### TASK PROMPT
What you write should match, word for word, the lines from the one containing "各个寝室风格不一:有在墙上设" through the end of the data, with no pictures.
________________
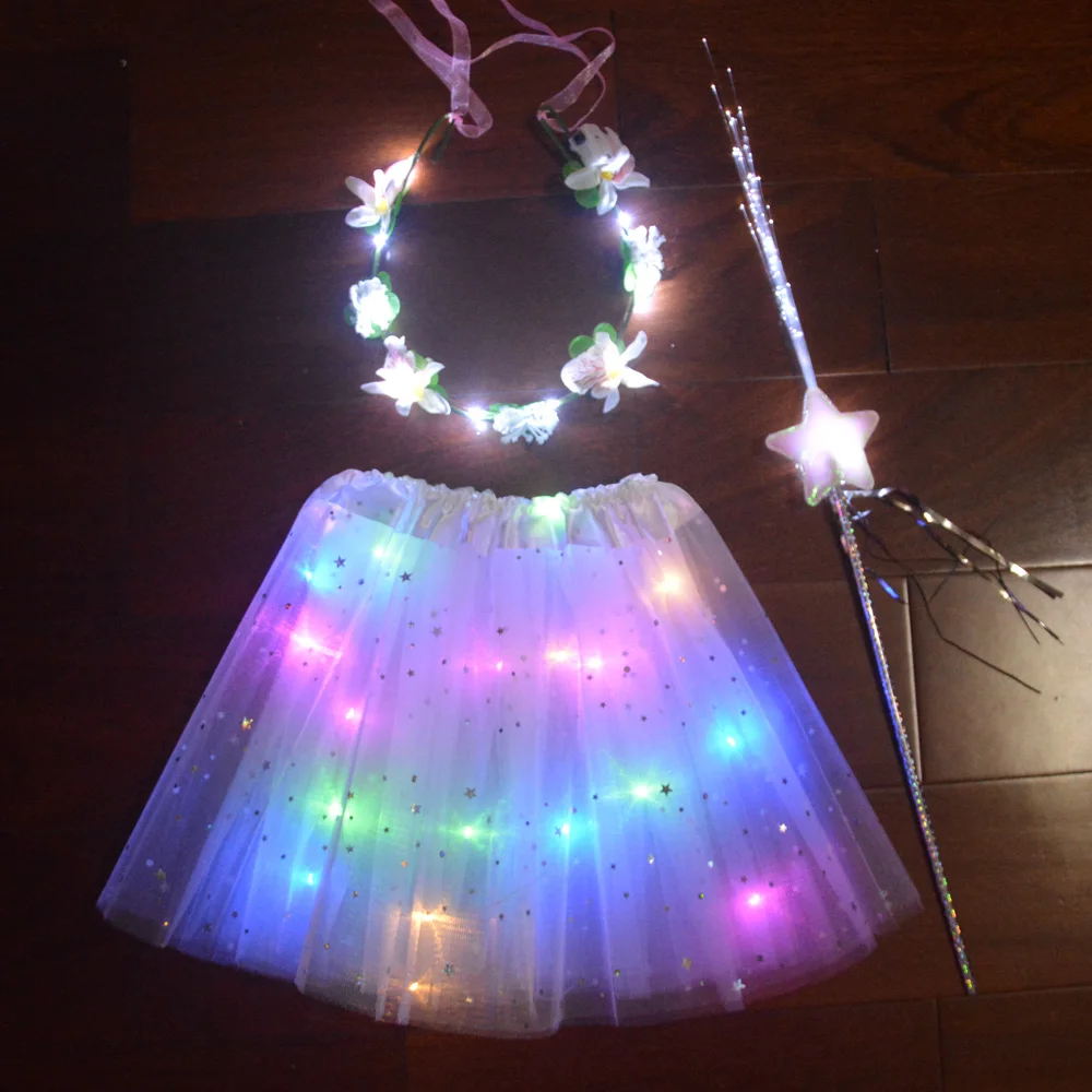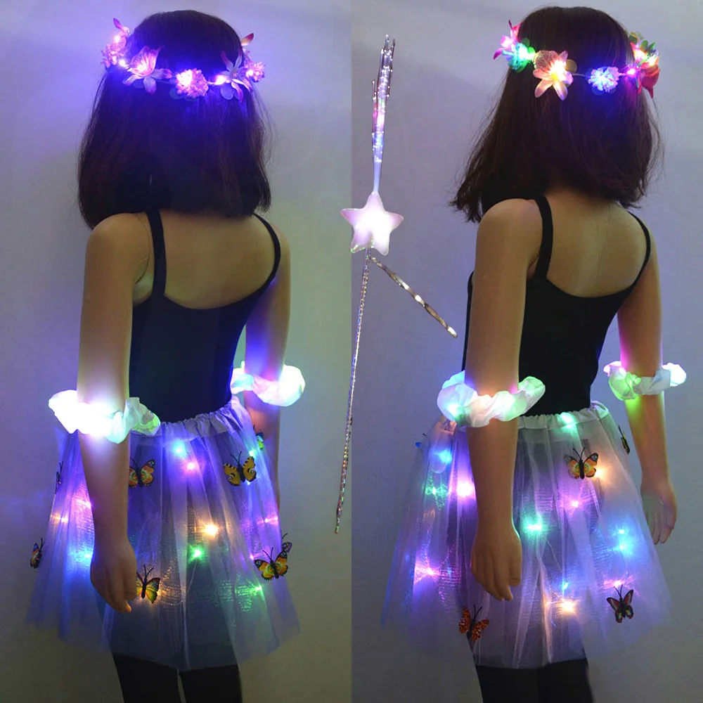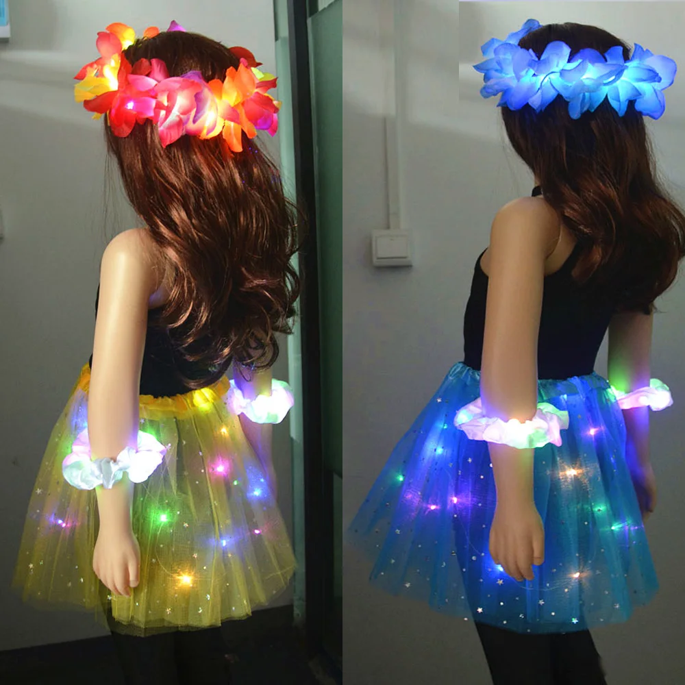 Светящийся цветочный венок с юбкой-пачкой для девочек, повязка на голову, корона, вечеринка, пачка, подарок на день рождения, свадьбу, светящийся праздничный костюм
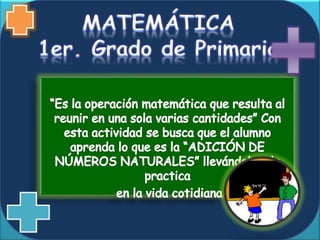 El documento presenta ejemplos de sumas y restas de números naturales, incluyendo 1 + 1 = 2, 4 + = 8, + 6 = 9, 4 2 = 6, 8 + = 9, + 5 = 7. También incluye instrucciones para completar operaciones aritméticas en una tabla colocando el número correcto que hace falta.
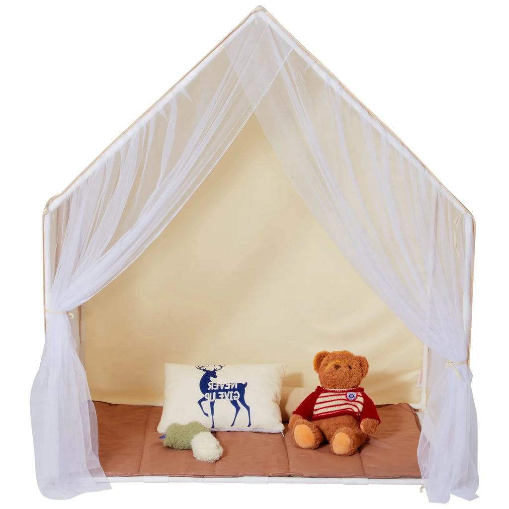 Šī rotaļu telts ir plaša un ērta, tās izmēri ir 134 × 92 × 153 cm, un tajā vienlaikus var spēlēties 2–3 bērni. Mitrumizturīgais paklājiņš nodrošina papildu komfortu un aizsardzību, uzturot telts grīdu tīru un sausu. Karājamā lampiņa rada mājīgu noskaņu, padarot telti ideāli piemērotu lasīšanai, rotaļām vai atpūtai. Telts nodrošina pietiekami daudz vietas brīvai kustībai un ir lieliska izvēle gan mājās, gan dārzā.
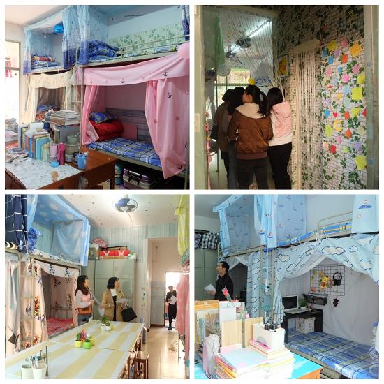 各个寝室风格不一:有在墙上设置许愿树、照片墙、有用自己折的星星、剪的花朵、捡的树叶做装饰的;有把寝室各成员的手掌印满整片墙壁的,还有为过元旦做准备的。更有趣的是每个寝室的名称如:小美好、总经理室、小仙女寝室等等。在她们的巧手下,单调的寝室变成了一个温馨漂亮的小家。
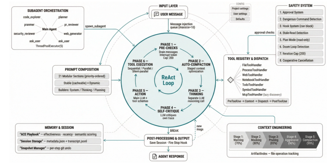 LangChain 在 2026 年3 月关于 agent harness 的文章里,则把 harness 直接定义为模型之外那整套让 agent 真正变得可用的代码、配置和执行逻辑。[33] 而 OPENDEV 这篇论文给出的也不是抽象定义,而是一组更具体的 harness 实践:工作负载特化的模型路由、规划与执行分离的双代理架构、自适应上下文压缩、跨会话记忆和事件驱动提醒,本质上都在回答同一个问题:如何围绕模型建立能够支撑长程软件工程任务的外部工作系统。[28]
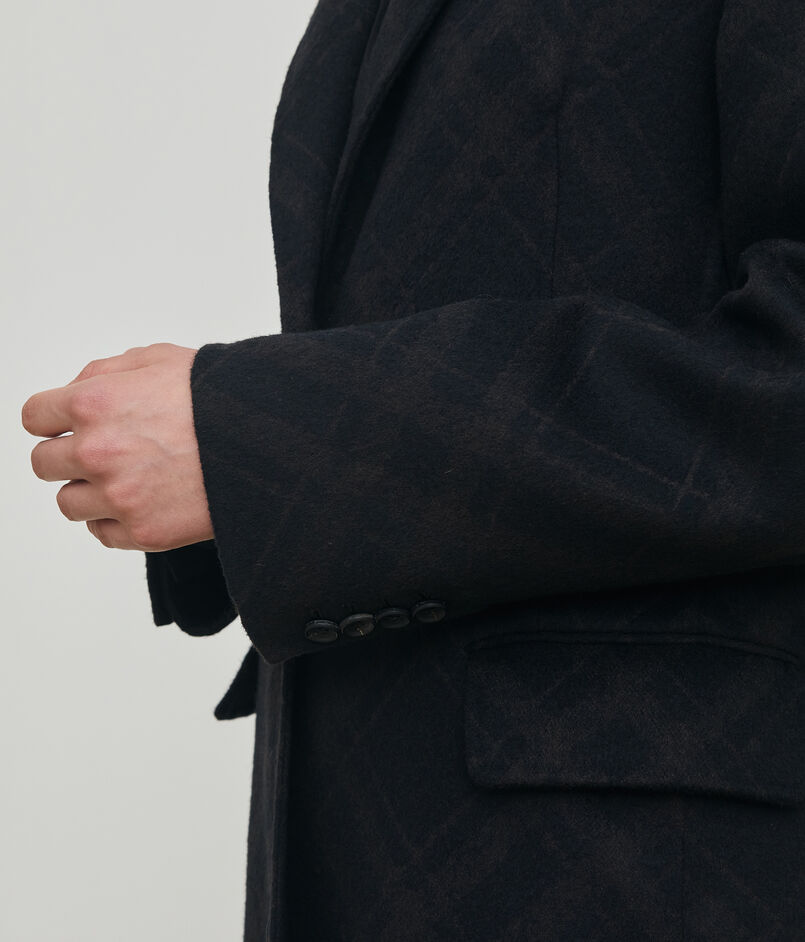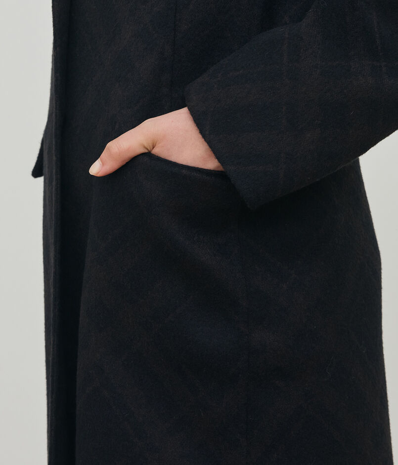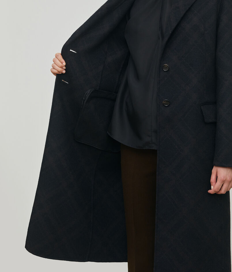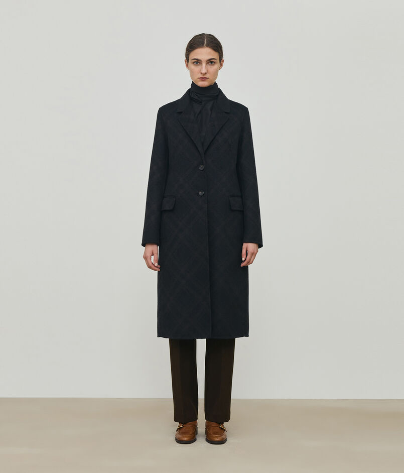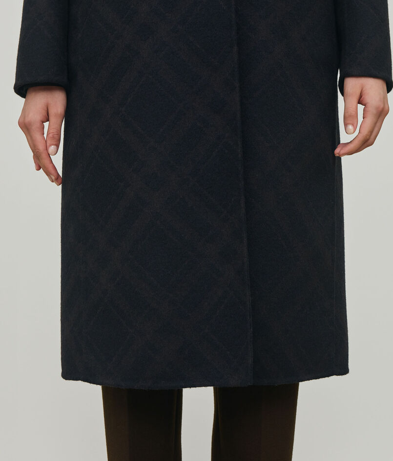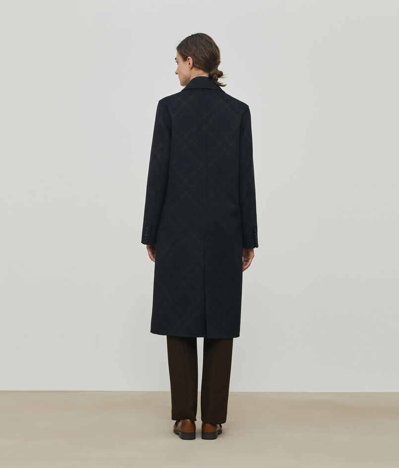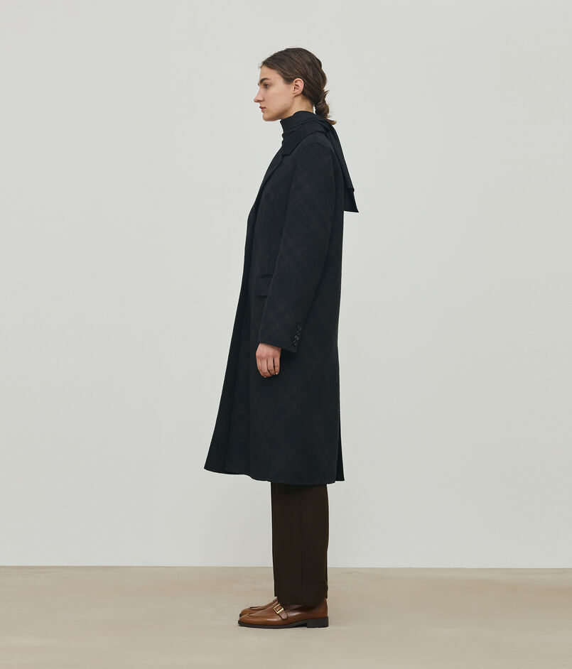 ダブルフェイスのウールメリノ素材にバイヤスチェック柄を施したアウターシリーズ。
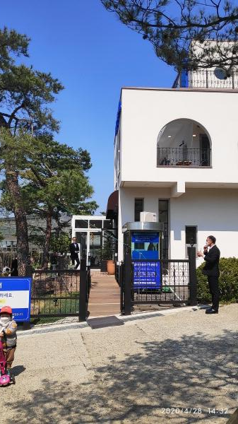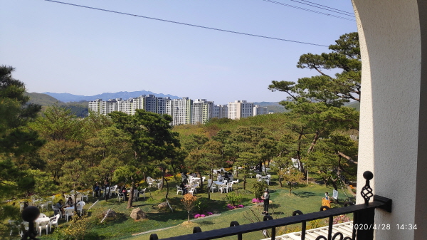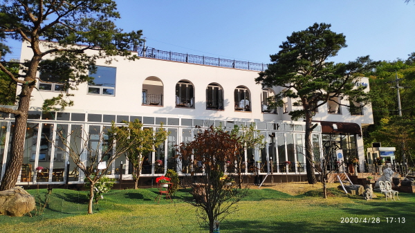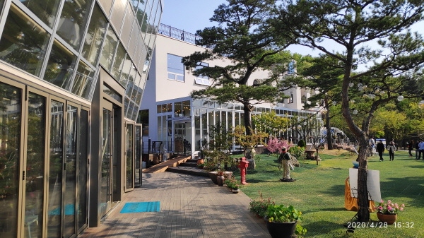 카페 바깥으로 나와서 건물 전경을 찍어 보았는데, 날씨가 좋으니 더 이뻐 보이네요.
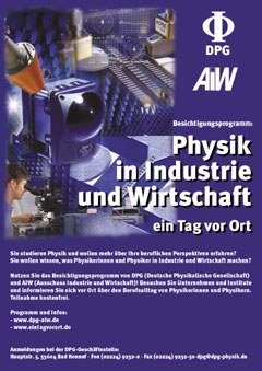 Bad Honnef, 13. Oktober 2005 – Einblick in den Berufsalltag von Physikerinnen und Physikern bietet auch in dieser Saison das Besichtigungsprogramm des „Ausschusses Industrie und Wirtschaft“ der Deutschen Physikalischen Gesellschaft. „Ein Tag vor Ort“ heißt die Aktion, an der bundesweit rund 40 Unternehmen und Forschungseinrichtungen teilnehmen. Ab Dezember 2005 bis zum nächsten Frühjahr öffnen sie zu speziellen Terminen die Pforten zu Laboren und Entwicklungsbüros. Das Besichtigungsprogramm richtet sich insbesondere an Studierende, steht jedoch allen Interessenten offen.
________________
### REPLY
 各个寝室风格不一:有在墙上设置许愿树、照片墙、有用自己折的星星、剪的花朵、捡的树叶做装饰的;有把寝室各成员的手掌印满整片墙壁的,还有为过元旦做准备的。更有趣的是每个寝室的名称如:小美好、总经理室、小仙女寝室等等。在她们的巧手下,单调的寝室变成了一个温馨漂亮的小家。
 LangChain 在 2026 年3 月关于 agent harness 的文章里,则把 harness 直接定义为模型之外那整套让 agent 真正变得可用的代码、配置和执行逻辑。[33] 而 OPENDEV 这篇论文给出的也不是抽象定义,而是一组更具体的 harness 实践:工作负载特化的模型路由、规划与执行分离的双代理架构、自适应上下文压缩、跨会话记忆和事件驱动提醒,本质上都在回答同一个问题:如何围绕模型建立能够支撑长程软件工程任务的外部工作系统。[28]
 ダブルフェイスのウールメリノ素材にバイヤスチェック柄を施したアウターシリーズ。
 카페 바깥으로 나와서 건물 전경을 찍어 보았는데, 날씨가 좋으니 더 이뻐 보이네요.
 Bad Honnef, 13. Oktober 2005 – Einblick in den Berufsalltag von Physikerinnen und Physikern bietet auch in dieser Saison das Besichtigungsprogramm des „Ausschusses Industrie und Wirtschaft“ der Deutschen Physikalischen Gesellschaft. „Ein Tag vor Ort“ heißt die Aktion, an der bundesweit rund 40 Unternehmen und Forschungseinrichtungen teilnehmen. Ab Dezember 2005 bis zum nächsten Frühjahr öffnen sie zu speziellen Terminen die Pforten zu Laboren und Entwicklungsbüros. Das Besichtigungsprogramm richtet sich insbesondere an Studierende, steht jedoch allen Interessenten offen.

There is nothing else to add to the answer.